Notes for week 1

Day 1.

  1. Source Code, Object Code (and language)
  2. Types of object code
  3. Compile Sequence Source Code -> Compiler -> Object Code -> Linker -> Executable Code
    1. Object Code does not have addresses of grammar objects that are not defined in the Source code.
    2. Linker finds external references
  4. Parts of a compiler
    1. Lexical analyzer
    2. Syntactical Analyzer (Parser)
    3. Intermediate Code Generation. 
      Temp3 = id2
Temp4 = id3
Temp2 = Temp3 * Temp4
Temp1 = Temp2
id1 = Temp1
    4. Optimization. 
      (if no registers required)
id1= id2 * id3

or (if registers required)
Temp3 = id2
Temp4 = id3
Temp2 = Temp3 * Temp4
id1 = Temp2
    5. Object Code generation convert intermediate code to machine code.
  5. Compiler Construction
    1. When no compilers are available.
      1. Create a compiler in assembly language
      2. That compiler can then compile any program in the source language
    2. If a compiler is available in C and we want a PL/1 compiler. Write the compiler in C and the effect is the same as A, except easier to create.
    3. Boot Strap
      1. Create a minimal compiler in assemby language
        1. Must be big enough to write the rest of the compiler
        2. Must be small enough so that you don't end up back in A
        3. May be done in steps. Each step after the first, a compiler that compiles more features of the language is written in the part of the language that is currently available. (example: Minimal Pascal doesn't have strings.

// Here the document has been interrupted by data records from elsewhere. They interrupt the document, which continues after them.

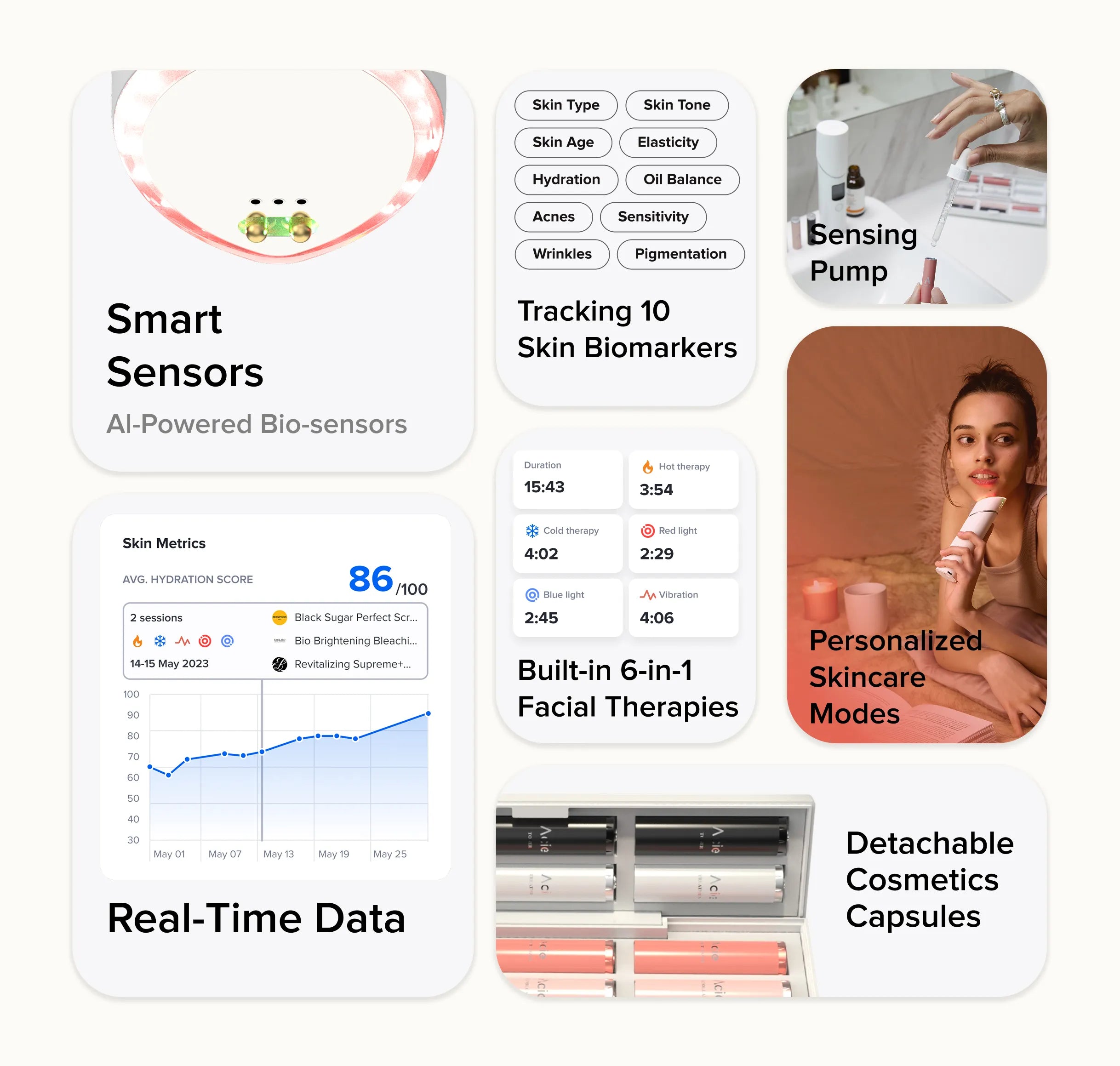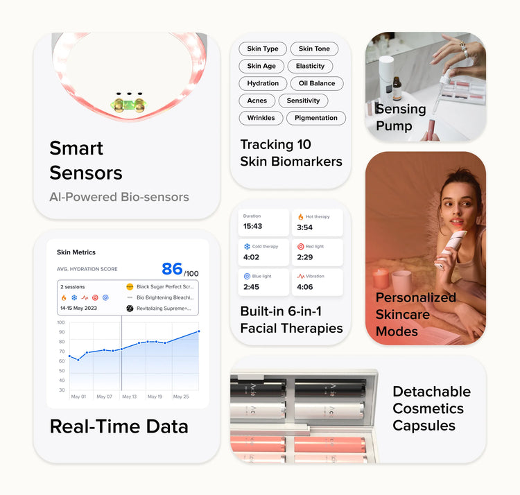 Our intelligent pump dispenses the perfect amount of product, tailored to your skin's needs. From simple to complex routines with 3 active capsules and 12 more in storage. Enjoy a seamless, no-mess application that lets you combine therapies without ever needing to wash your hands between steps.
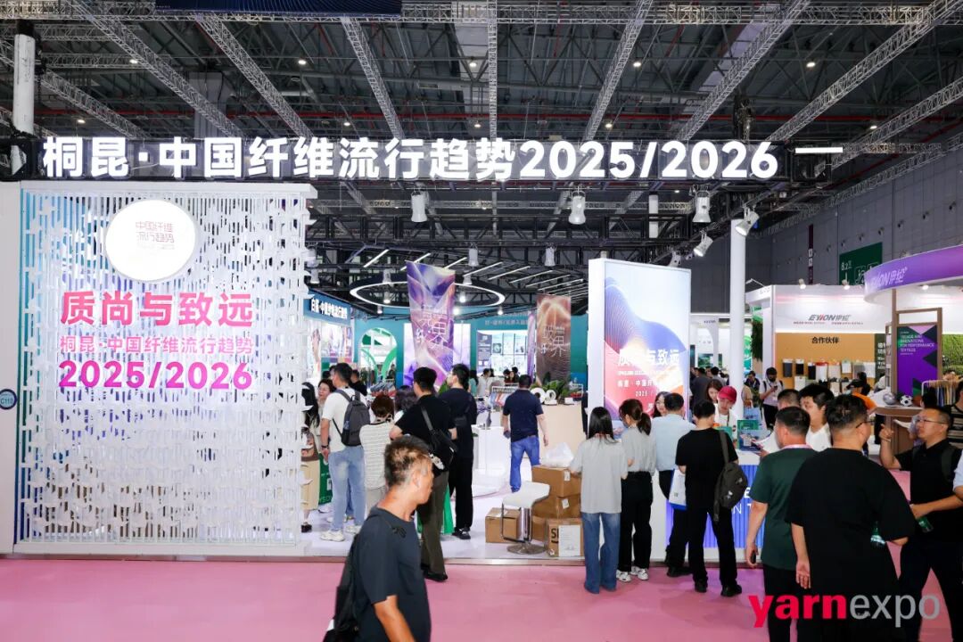 中国纤维流行趋势自2012年发布以来,一直致力于挖掘国内高技术纤维产品,通过原料端的趋势分析与解读,将纤维的最新技术、多元应用及前沿趋势零距离传递给下游客户。展区集中展示了入选桐昆·中国纤维流行趋势2025/2026的8大类新型纤维,深入挖掘中国纤维的流行趋势。同时,其结合中国纱线流行趋势2025/2026,全方位、多角度将纤维和纱线的最新技术、前沿趋势传递给行业及下游客户。
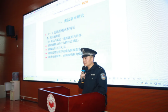 在觀山湖區(qū)第十一中學,云潭派出所社區(qū)民警陳向以“傳承憲法文化、弘揚法治精神”為主題,通過講解PPT、播放憲法宣傳公益廣告等方式,生動形象地為學生們講授了憲法的基本概念、國家憲法日的來源等方面的知識。
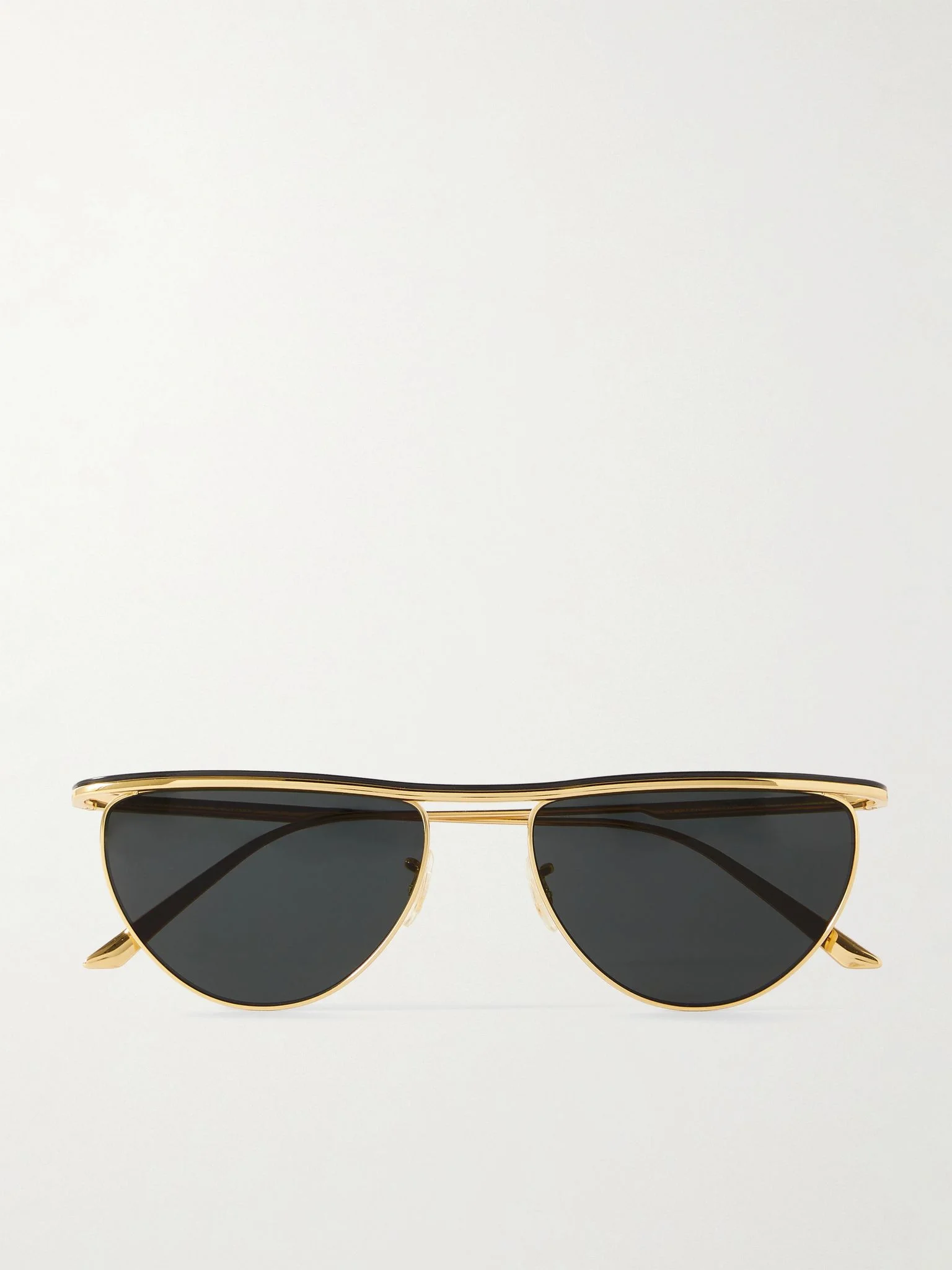 Oliver Peoples has teamed up with New York-based label KHAITE to create a collection of vintage-inspired sunglasses with a modern vision. This cat-eye pair is crafted from sleek gold-tone metal and fitted with contrasting dark-gray lenses. Details & Care - Gold-tone metal - Come in a presentation box - 100% UV protection
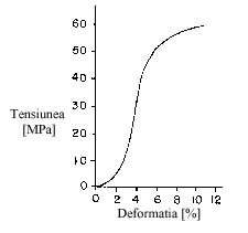 Comportamentul la tensiune - deformatie se reprezinta grafic ca o curba neliniara in figura 4.
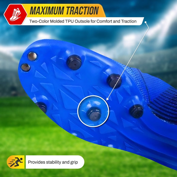 Ans: The cleat features a two-color molded TPU outsole for comfort, traction, and durability.
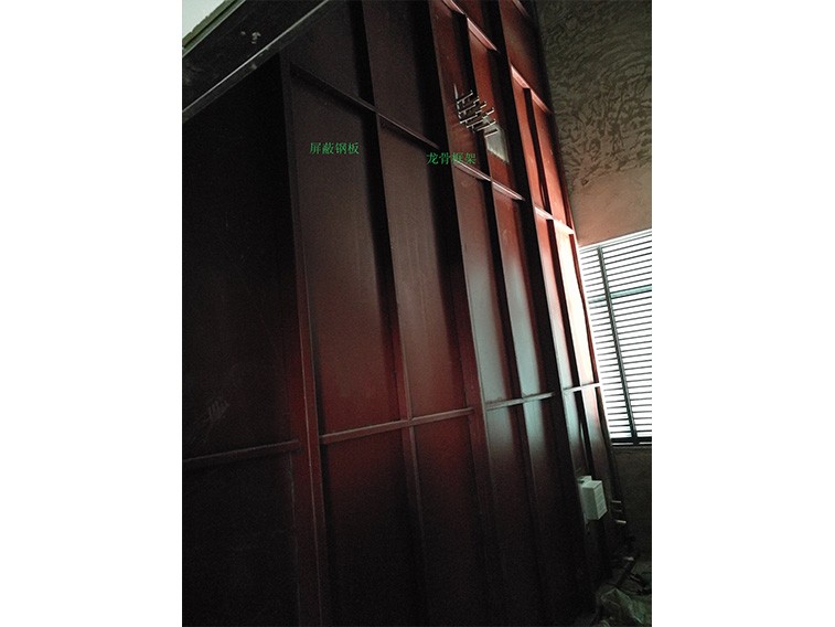 型鋼組成的龍門框架、冷軋或鍍鋅鋼板屏蔽殼體、屏蔽門、通風波導窗、電源(信號)濾波器、室內電氣及裝飾。
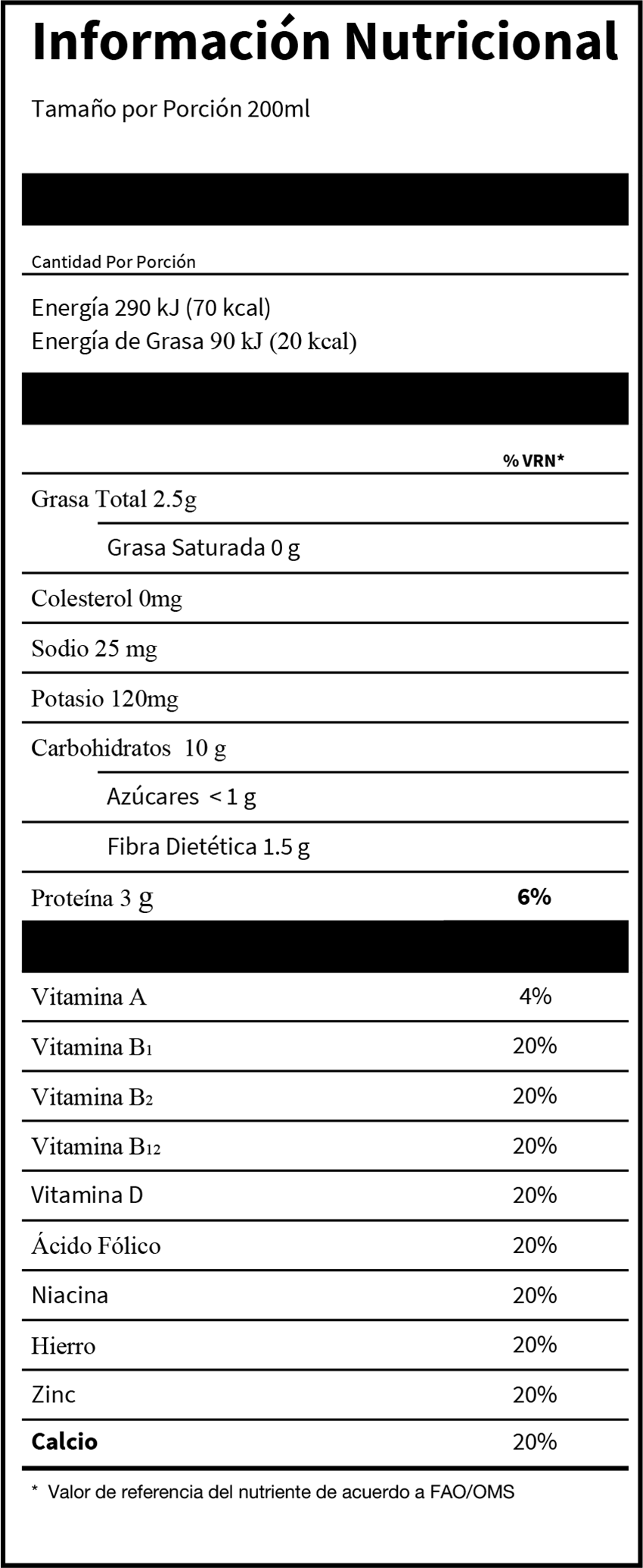 Agua, harina de maíz, maltodextrina, aislado de soya, aceite de soya, oligoofructosa, estabilizantes (celulosa microcristalina, carboximetilcelulosa sódica y carragenina), sabores naturales y artificiales, sucralosa, vitaminas y minerales (carbonato de calcio, glicinato férrico, zinc aminoquelado, niacinamida, maltodextrina, vitamina A , vitamina D3, riboflavina, mononitrato de tiamina, cianocobalamina, ácido fólico).
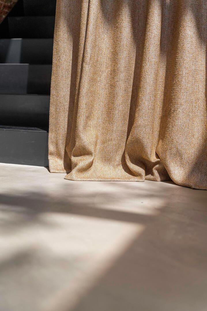 Change is een gordijn dat direct opvalt door zijn rijke materiaaluitdrukking en subtiele, maar duidelijke structuur. Het gordijn Change heeft zachte schakeringen die variëren van licht beige tot een wat donkerdere taupe-achtige nuance. Deze variatie ontstaat door de manier waarop de draden in het weefsel zijn opgebouwd, waardoor de stof diepte en een levendig oppervlak krijgt. Het motief toont een fijn korrelig weefpatroon dat bestaat uit kleine, gelijkmatige lusjes en schakeringen die samen een rustige, maar interessante structuur vormen. Wanneer het gordijn in plooien valt — zoals op de afbeelding te zien is — ontstaat er een speels samenspel van licht en schaduw. De plooien versterken de natuurlijke schakeringen en geven het geheel een krachtige, warme uitstraling die goed past in zowel moderne als wereldse interieurs. Het karakter van Change: de etnische inslag en de manier waarop de kettingdraad is samengesteld uit verschillende kleurtonen geeft de stof diepte en een gelaagd uiterlijk. Dit zorgt ervoor dat Change niet vlak oogt, maar een subtiel patroon toont dat bij elke lichtval net iets anders naar voren komt. Change is bovendien ideaal voor wie houdt van gordijnen die royaal over de vloer vallen. De soepele stof laat zich moeiteloos in lange, vloeiende plooien leggen — zoals duidelijk zichtbaar op de foto. Voor dit effect wordt aangeraden om 10 tot 15 cm extra lengte te bestellen. Wil je eerst ervaren hoe Change aanvoelt en hoe de kleur in jouw eigen woonruimte uitkomt? Je kunt eenvoudig een knipstaal aanvragen om de structuur en tint thuis te beoordelen. Meestal wordt het staaltje dezelfde dag nog verstuurd.

Extend the Pascal compiler by implementing strings in the pascal compiler (written in Pascal)
    4. Cross-compiler Compiler for a high-level language (eg. C) on one machine. Write the C compiler in C on this machine and produce code that is executable on another machine.
    5. Compiler-compiler.
  6. Retargetable compilers Pl/0 -> pcode. Write a pcode interpreter for the target machine (in a language available on the machine).

Lexical Analysis

  1. Responsiblities of Lexical analyzer.
    1. Finding lexemes and associating them with Tokens
    2. Removal of comments (cannot effectively deal with nested comments because they are not regular expressions)
    3. Case conversion all upper or lower case (as in Pascal and Lisp) or case sensitive grammar (such as C)
    4. Removal of White Space. 
      Example FORTRAN 
do 100 i = 1, 30, 2
same as
do100i=1,30,2
    5. Interprete Compiler directives
      1. {$R-} in Turbo and other Pascals
      2. #include in C
    6. Comunicate with symbol table
    7. Prepare output listing
  2. Tokens and Lexemes

    Day2.

  3. Finite State Automata.
    1. A finite set of state with rules for making transitions between states. One State is specified as the initial state.
    2. Example: vending machine sells candy at 25 cents per bar. Will accept nickels, dimes and quarters. The user is also allowed to select the type of bar. Select is ignored unless 25 cents or more has been deposited. Select in these cases returns change if there is an overpayment and resets the machine to the start state. States:
      State# total money inserted
      1 the start 0 cents
      2 5 cents
      3 10 cents
      4 15 cents
      5 20 cents
      6 goal 25 cents
      7 goal more than 25 cents

      Draw picture without edges. Where can you get to from the start state? (Draw labeled edges) Continue to get rest of labels

    3. When using a FSA for pattern recognition, there must be a set of terminal states called accepting states.
    4. Another example of a FSA that accepts strings

      Table

      State
      Input
        a b c
      1 2 1 3
      2 4 2 1
      3 3 4 2
      4 1 3 2
      • What character strings does this FSA record? 
        Test -> w1=abaabc
      • What is the smallest string accepted? c
      • What are the shortest strings beginning with a and b that are accepted?
      • What is the shortest string beginning with c with more than one letter?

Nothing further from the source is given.